Perguntamos então: neste segundo filme faria sentido substituir o Francisco e o Pedro por um casal heterossexual? Sem sinais de infidelidade (não os encontrámos neste filme) faria ainda assim sentido sugerir o uso de preservativo? É que o preservativo só se utiliza quando nos apetece ou quando é preciso. E nenhum elemento do casal (heterossexual ou homossexual) necessita de usar preservativo. Basta que seja monogâmico, fiel e honesto... Que ambos o sejam. Não é pouco, bem sabemos, mas é o que é estritamente necessário. Ora, como o filme do Francisco e do Pedro não tem nenhum ingrediente "malvado", por muito bonito que seja e por muito contentes que nos faça, peca claramente por mostrar um retrato incorrecto de uma relação sexual estável entre dois homens, o seu guião é censurável por criar e acentuar uma visão "pecaminosa" da homossexualidade, por atingir (seja por maniqueísmo ou sem intenção) quem melhor se reveria nesse retrato e que (sem razão) se sente desconfortável com ele: as pessoas como nós, que têm uma relação monogâmica, fiel, honesta e estável!...
O assunto foi recentemente tratado neste blogue, com intervenções institucionais adequadas fora dele, sem que tenha havido o envolvimento e a reflexão que se esperava.

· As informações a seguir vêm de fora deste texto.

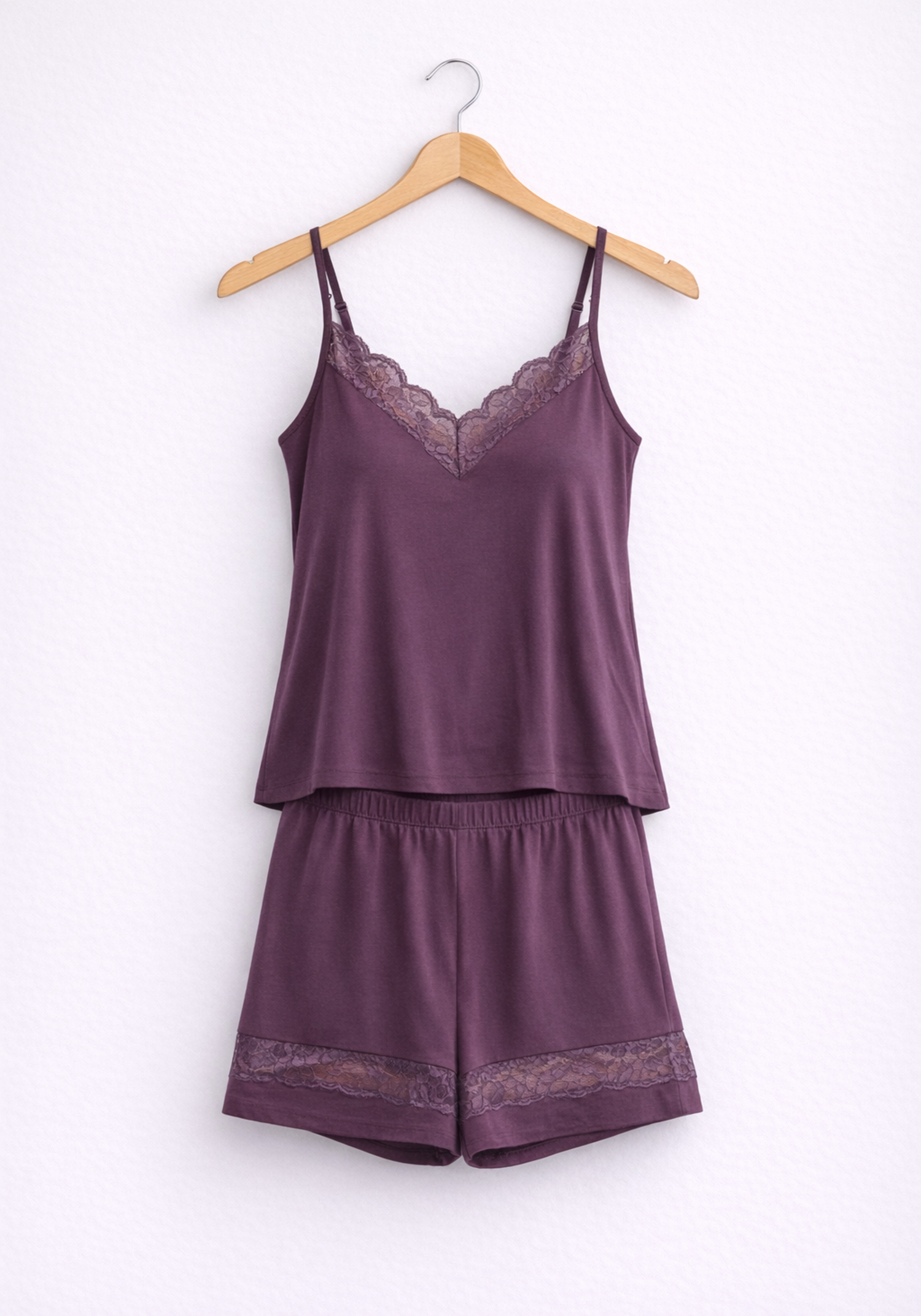 Cotton Shoulder Strap Top And Short Set With Lace Detail
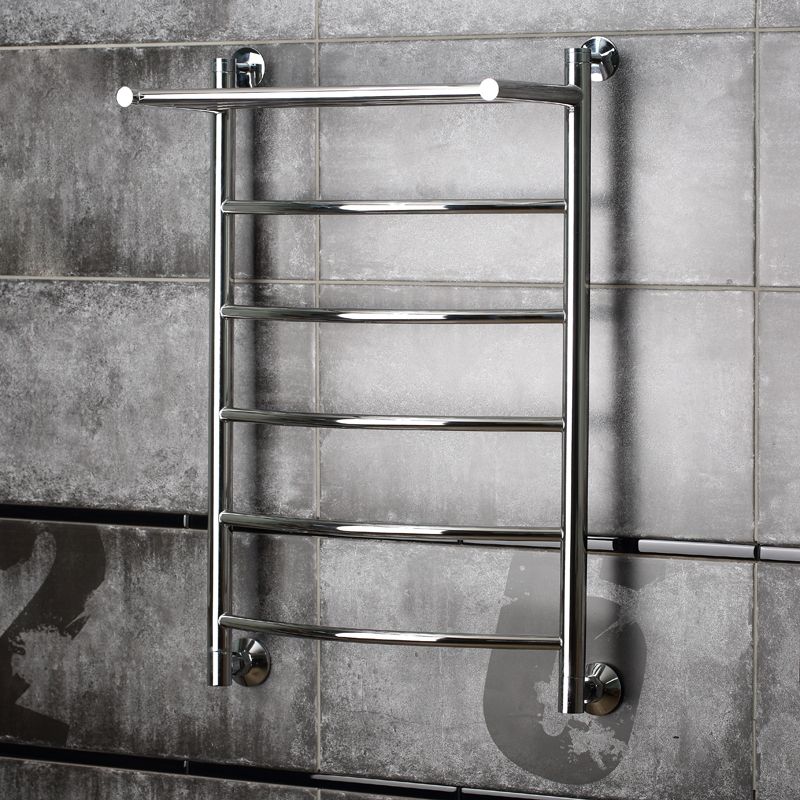 Водяной полотенцесушитель Тругор Приоритет 1 П НП 80x60 см с полкой, цвет хром. Используется для просушки влажных вещей и полотенец, а также дополнительного обогрева помещения. Изготовлен из пищевой нержавеющей трубы марки AISI 304, которая отличается стойкостью к высоким температурам и образованию коррозии, выдерживает значительные перепады давления.
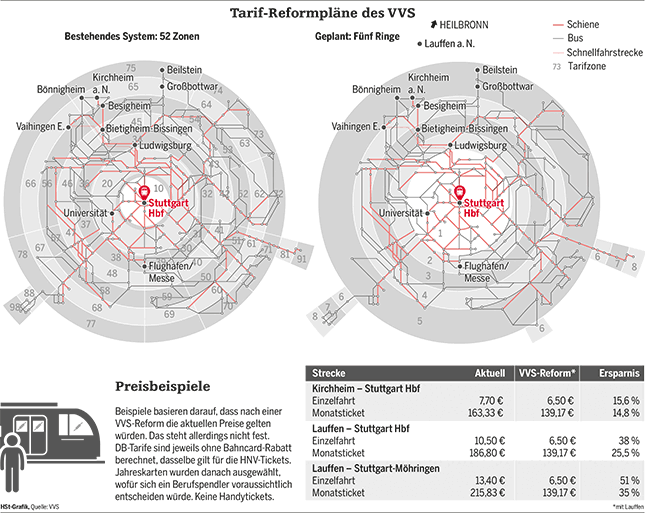 Immerhin 1,20 Euro bei jeder Fahrt oder 24 Euro beim Monatsticket: So viel könnte ein Pendler zwischen Bönnigheim oder Kirchheim am Neckar (beide Landkreis Ludwigsburg) und dem Stuttgarter Hauptbahnhof sparen, wenn die Tarifreform wie geplant umgesetzt wird. Der VVS Aufsichtsrat will das komplizierte Gebilde aus 52 Zonen rund um Stuttgart zu fünf Ringen eindampfen.
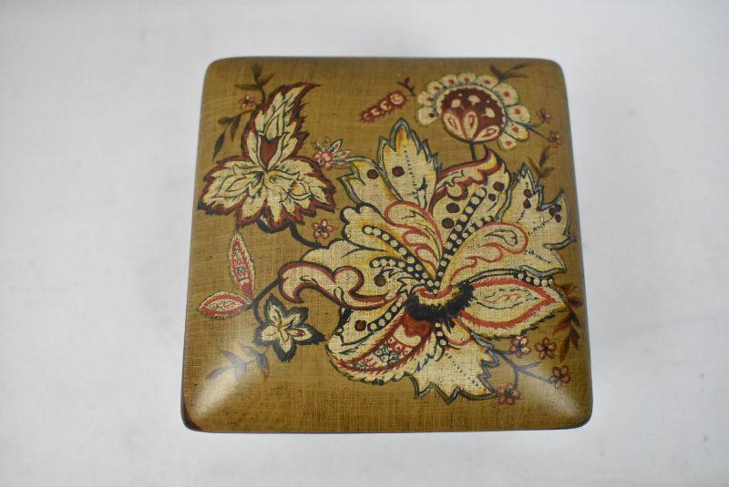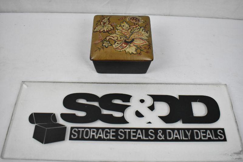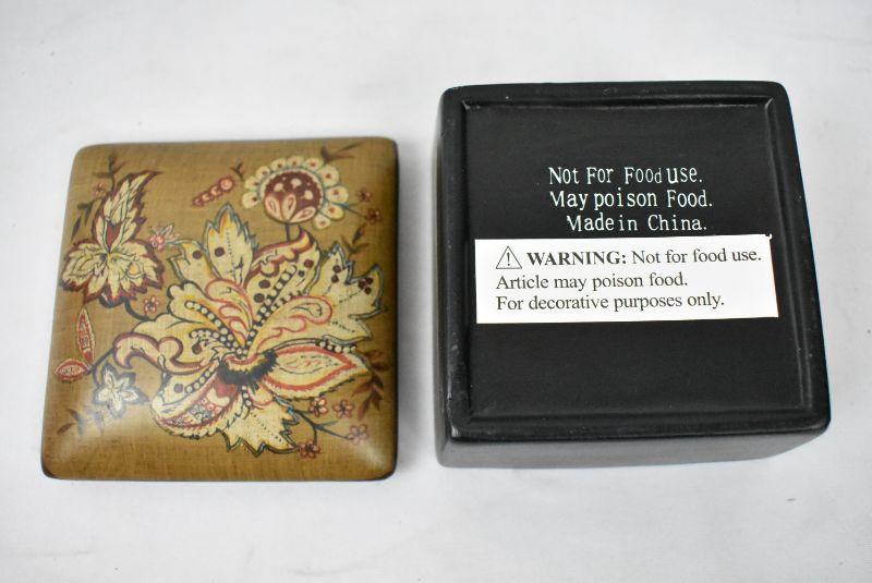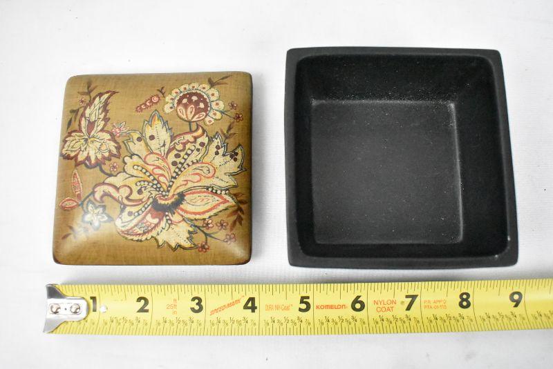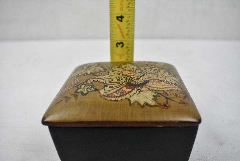 Small Jewelry Box/Trinket Box with Lid. Black, Brown, Red Floral
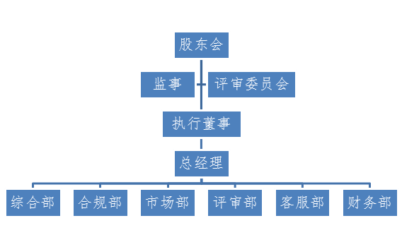 为了建立现代企业制度的企业法人治理结构,公司实行执行董事领导下的总经理负责制,并分别设立综合部、合规部、评审部、市场部、财务部和客服部等部门,以确保公司的高效、规范和科学运营。
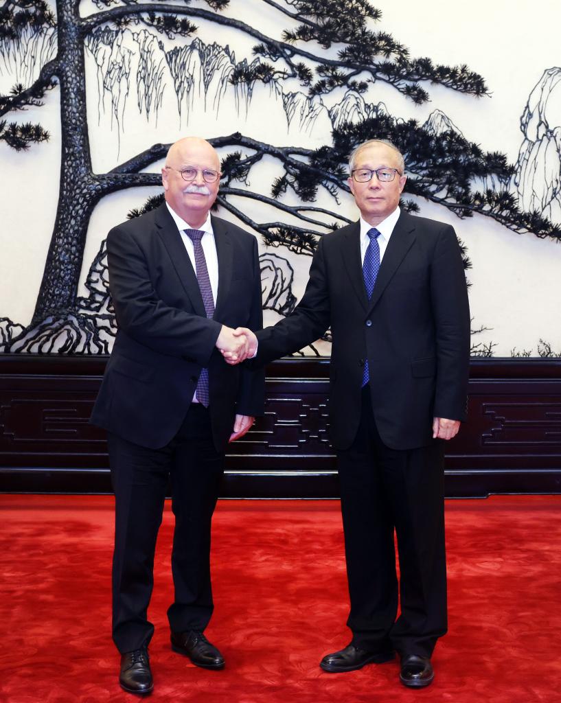 Li Hongzhong, a member of the Political Bureau of the Communist Party of China Central Committee and vice chairman of the National People’s Congress Standing Committee, meets with a delegation from the France-China Friendship Group of the French Senate led by Claude Raynal, the group’s honorary president, in Beijing, capital of China, Sept. 26, 2025. (Xinhua/Liu Weibing)
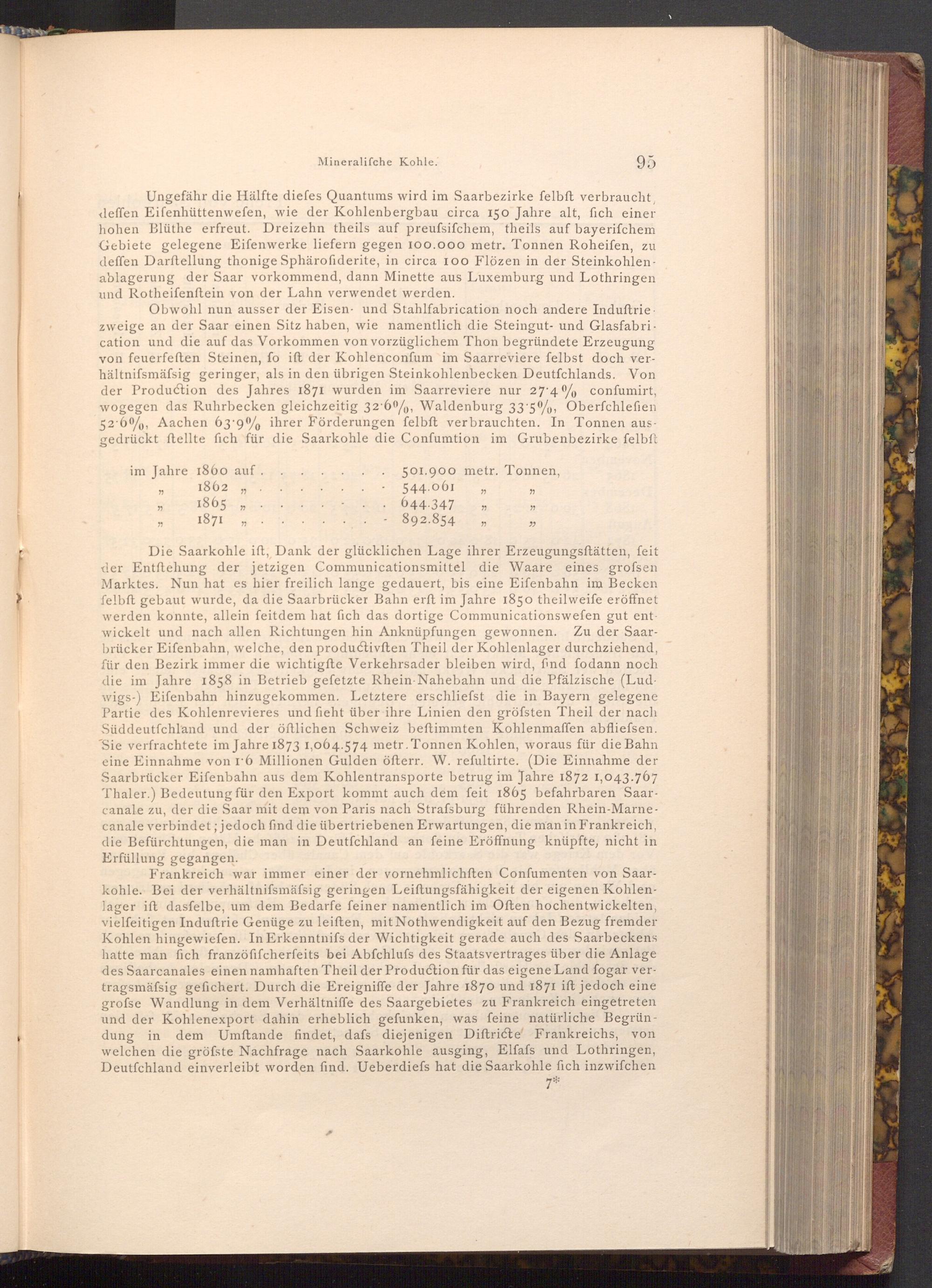 Die Saarkohle ift, Dank der glücklichen Lage ihrer Erzeugungsftätten, feit der Entstehung der jetzigen Communicationsmittel die Waare eines grofsen Marktes. Nun hat es hier freilich lange gedauert, bis eine Eifenbahn im Becken felbft gebaut wurde, da die Saarbrücker Bahn erft im Jahre 1850 theilweife eröffnet werden konnte, allein feitdem hat fich das dortige Communicationswefen gut entwickelt und nach allen Richtungen hin Anknüpfungen gewonnen. Zu der Saarbrücker Eifenbahn, welche, den productivften Theil der Kohlenlager durchziehend, für den Bezirk immer die wichtigfte Verkehrsader bleiben wird, find fodann noch die im Jahre 1858 in Betrieb gefetzte Rhein- Nahebahn und die Pfälzische( Lud. wigs-) Eifenbahn hinzugekommen. Letztere erschliefst die in Bayern gelegene Partie des Kohlenrevieres und fieht über ihre Linien den gröfsten Theil der nach Süddeutſchland und der öftlichen Schweiz beftimmten Kohlenmaffen abfliefsen. Sie verfrachtete im Jahre 1873 1,064.574 metr. Tonnen Kohlen, woraus für die Bahn eine Einnahme von 16 Millionen Gulden öfterr. W. refultirte.( Die Einnahme der Saarbrücker Eifenbahn aus dem Kohlentransporte betrug im Jahre 1872 1,043.767 Thaler.) Bedeutung für den Export kommt auch dem feit 1865 befahrbaren Saarcanale zu, der die Saar mit dem von Paris nach Strafsburg führenden Rhein- Marnecanale verbindet; jedoch find die übertriebenen Erwartungen, die man in Frankreich, die Befürchtungen, die man in Deutſchland an feine Eröffnung knüpfte, nicht in Erfüllung gegangen.
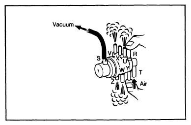 Apply 3.5 in Hg to port "S". Close port "R" and "Y" and blow air into port "T". Check that air comes out ports "U", "V", "Z", and "W". Release vacuum. Again blow into port "T" with "R" and "Y" closed. Air should not flow. See Fig 1.
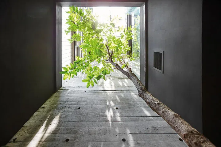 The towering Pink Mempat tree (Cratoxylum formosum), known colloquially as the Singapore Sakura, provides shade above the entrance to the house on the first floor.
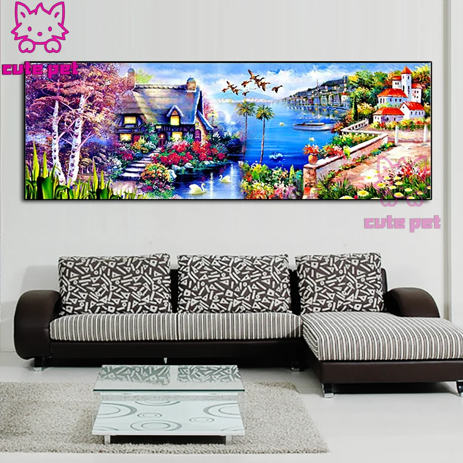 Алмазная живопись, пейзаж 5D, своими руками, строительный дом, квад...
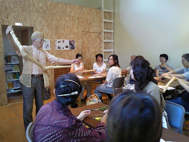 素材ラフィアの扱いや、コイリングの基本を教わりました。
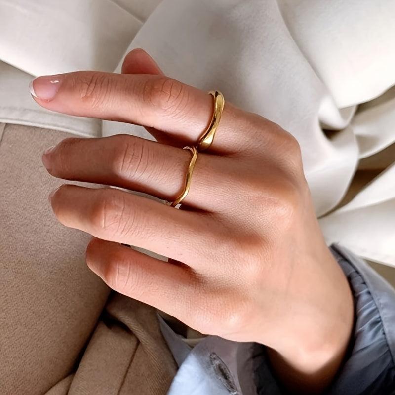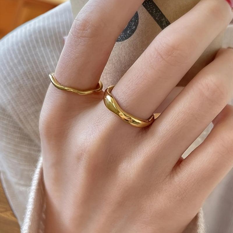 This stainless steel wave ring features a minimalist irregular design, making it a perfect gift for women.
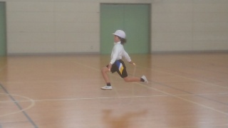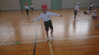 また、白線の上で片足で立って静止(右足、左足)→目をつぶって片足バランス→目をつぶって片足のひざを高く上げて・・・と難易度をあげていきました。
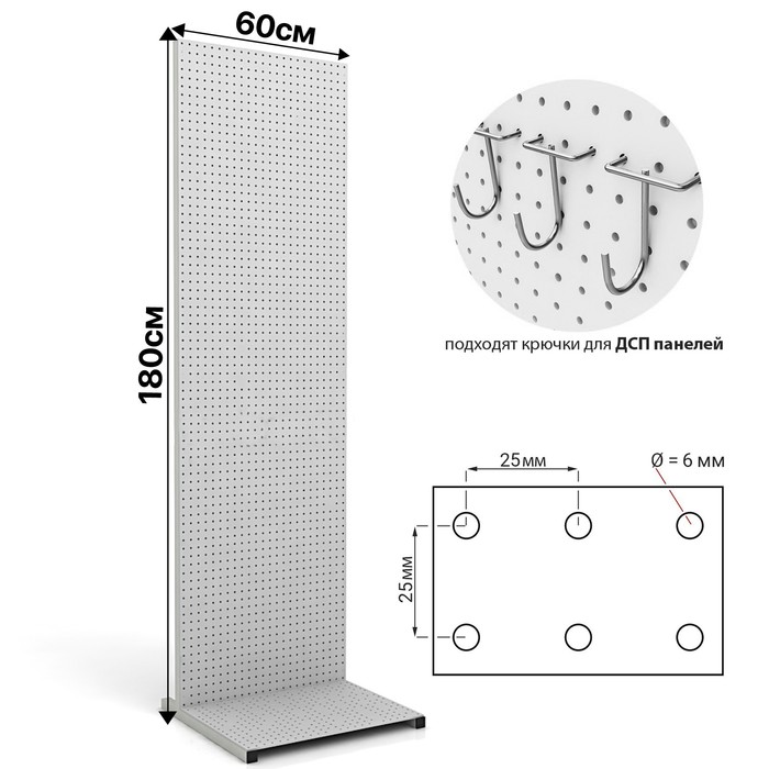 Стойка перфорированная металлическая на каркасе из трубы, 60×180, шаг 2.5 см, белая
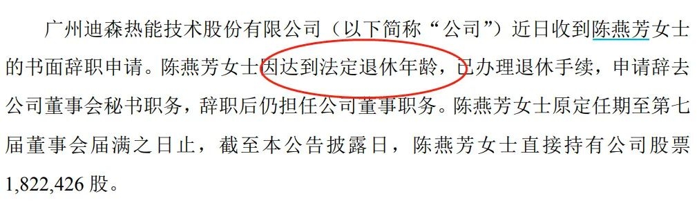 有意思的是,陈燕芳离职倒不是因为“个人原因”,而是达到退休年龄,办理退休手续。
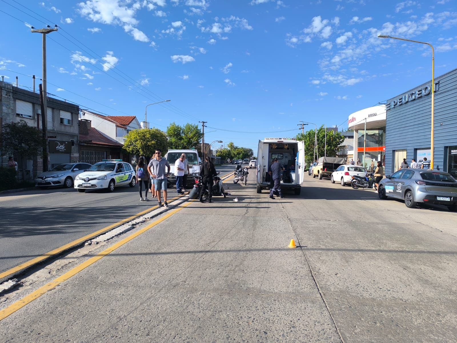 En horas de la mañana, el personal de Patrulla Motorizada se constituyó en Av Urquiza al 300 de la ciudad de San Francisco, entrevistaron a un hombre mayor de edad, quien manifestó que circulaba en su camioneta marca Renault Rodeo, color blanco, y por causas que se tratan de establecer colisionó con una motocicleta marca Honda Wave, color gris, conducida por una mujer mayor de edad .
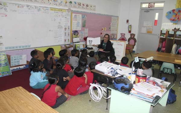 Dr. Clare Camacho, a consultant with the Public School System and literacy coach assigned to Tinian, was on campus and read to TES students in Kindergarten up to the fourth grade.
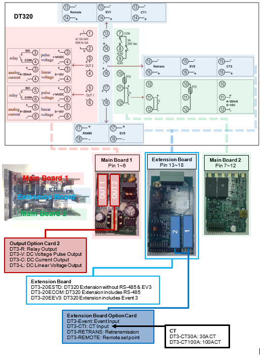 For instance, you can select DT320☐A (☐ represents the OUT1 option). This order code comes without the Extension Board, and you can purchase the accessories and assemble them yourself.

Descobrimos uma excepção, num outro blogue para onde apontamos através do título deste texto, cuja leitura recomendamos.

2 comentários:

Paulo Morgado disse...

Pois a convicção de imunidade pela presunção de monogamia e fidelidade do parceiro é precisamente a maior causa de infecção actualmente em Portugal... Homo ou heterosexual. Basta ver quantas e quantas senhoras já além da meia-idade se encontram nas alas das consultas de infecto-contagiosas, infectadas com o VIH pelos maridos que o contrairam com prostitutas a quem pagaram mais para não terem de usar preservativo???

Luís disse...

Paulo, tem lógica o que dizes. Mas não a retira à minha abordagem. E o que está em causa é que o anúncio NÃO DÁ QUALQUER SINAL DE INFIDELIDADE!!! Se desse, não teria nada a objectar. Por isso considero que há (ainda que possa ser sem intenção) uma carga homofóbica na mensagem, que implicitamente diz que (mesmo que seja fiel e monogâmica) HOMOSSEXUALIDADE = SIDA. Metam a infidelidade no anúncio e passa a estar tudo bem. Deixem-na de fora (como o fizeram) e a mensagem passa a ser outra, com uma leitura muito negativa, apesar de todo o inegável encanto das imagens!!!... A acrescentar à polémica declaração sobre doadores de sangue homossexuais, este é mais um daqueles casos em que é vergonhoso que se ignore tal facto e que não entendo como quase mais ninguém levanta a voz!!!